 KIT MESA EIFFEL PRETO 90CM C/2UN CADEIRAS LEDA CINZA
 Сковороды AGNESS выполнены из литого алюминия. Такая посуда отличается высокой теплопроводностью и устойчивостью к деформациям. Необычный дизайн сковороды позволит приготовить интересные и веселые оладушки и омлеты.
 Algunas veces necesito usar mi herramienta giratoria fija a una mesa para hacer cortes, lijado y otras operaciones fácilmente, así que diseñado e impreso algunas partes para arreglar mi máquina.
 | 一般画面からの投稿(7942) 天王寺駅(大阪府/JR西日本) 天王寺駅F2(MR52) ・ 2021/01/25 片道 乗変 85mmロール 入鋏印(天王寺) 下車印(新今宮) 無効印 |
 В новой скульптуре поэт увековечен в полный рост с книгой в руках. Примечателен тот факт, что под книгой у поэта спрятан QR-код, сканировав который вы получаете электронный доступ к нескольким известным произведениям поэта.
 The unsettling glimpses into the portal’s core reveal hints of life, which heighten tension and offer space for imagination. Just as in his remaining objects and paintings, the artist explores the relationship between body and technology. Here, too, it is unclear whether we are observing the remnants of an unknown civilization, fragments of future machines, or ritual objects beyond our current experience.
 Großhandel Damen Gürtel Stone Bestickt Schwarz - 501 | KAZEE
^^^^^^^^
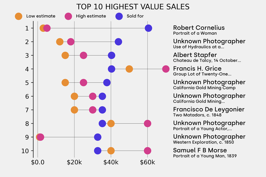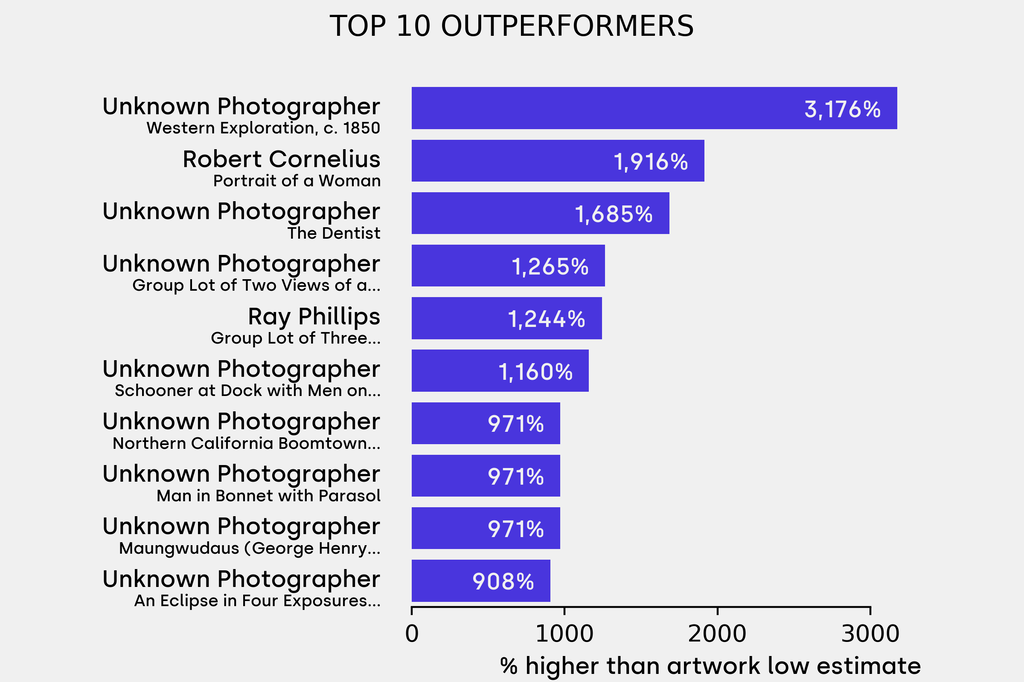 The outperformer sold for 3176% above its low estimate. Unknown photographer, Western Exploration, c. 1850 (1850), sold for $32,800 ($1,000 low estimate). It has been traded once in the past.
^^^^^^^^
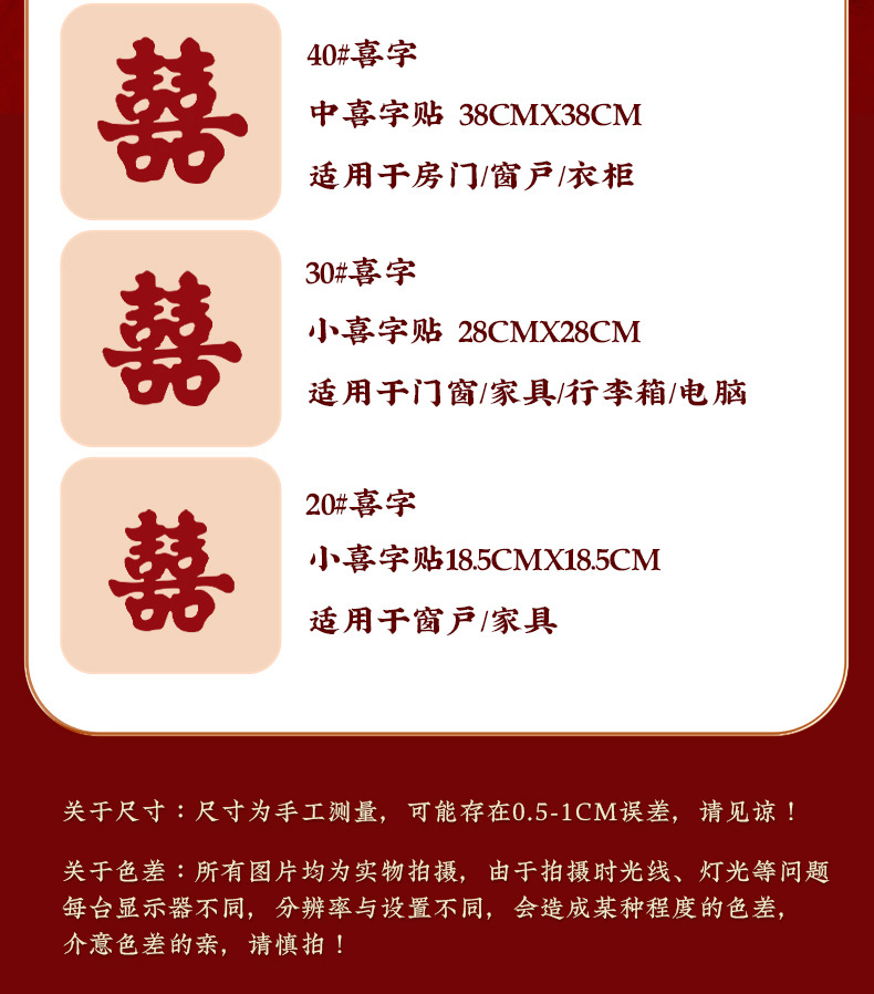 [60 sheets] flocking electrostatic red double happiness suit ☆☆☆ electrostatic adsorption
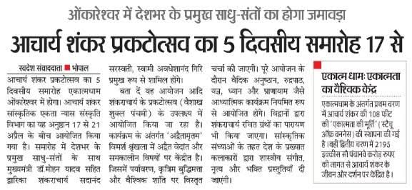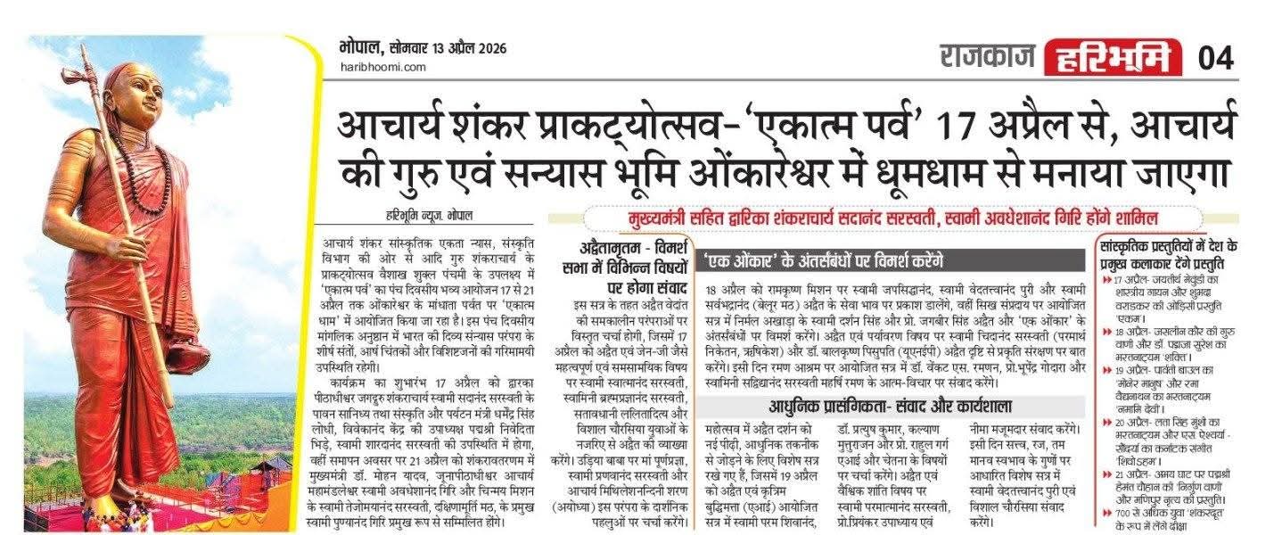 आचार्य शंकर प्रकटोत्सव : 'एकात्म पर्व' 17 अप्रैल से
^^^^^^^^
# AIM OF THE TASK
Within the listing above, give again exactly every line from the line with "KIT MESA EIFFEL" through the line with "В новой скульптуре", both included, and no other line.

# TASK OUTPUT
 KIT MESA EIFFEL PRETO 90CM C/2UN CADEIRAS LEDA CINZA
 Сковороды AGNESS выполнены из литого алюминия. Такая посуда отличается высокой теплопроводностью и устойчивостью к деформациям. Необычный дизайн сковороды позволит приготовить интересные и веселые оладушки и омлеты.
 Algunas veces necesito usar mi herramienta giratoria fija a una mesa para hacer cortes, lijado y otras operaciones fácilmente, así que diseñado e impreso algunas partes para arreglar mi máquina.
 | 一般画面からの投稿(7942) 天王寺駅(大阪府/JR西日本) 天王寺駅F2(MR52) ・ 2021/01/25 片道 乗変 85mmロール 入鋏印(天王寺) 下車印(新今宮) 無効印 |
 В новой скульптуре поэт увековечен в полный рост с книгой в руках. Примечателен тот факт, что под книгой у поэта спрятан QR-код, сканировав который вы получаете электронный доступ к нескольким известным произведениям поэта.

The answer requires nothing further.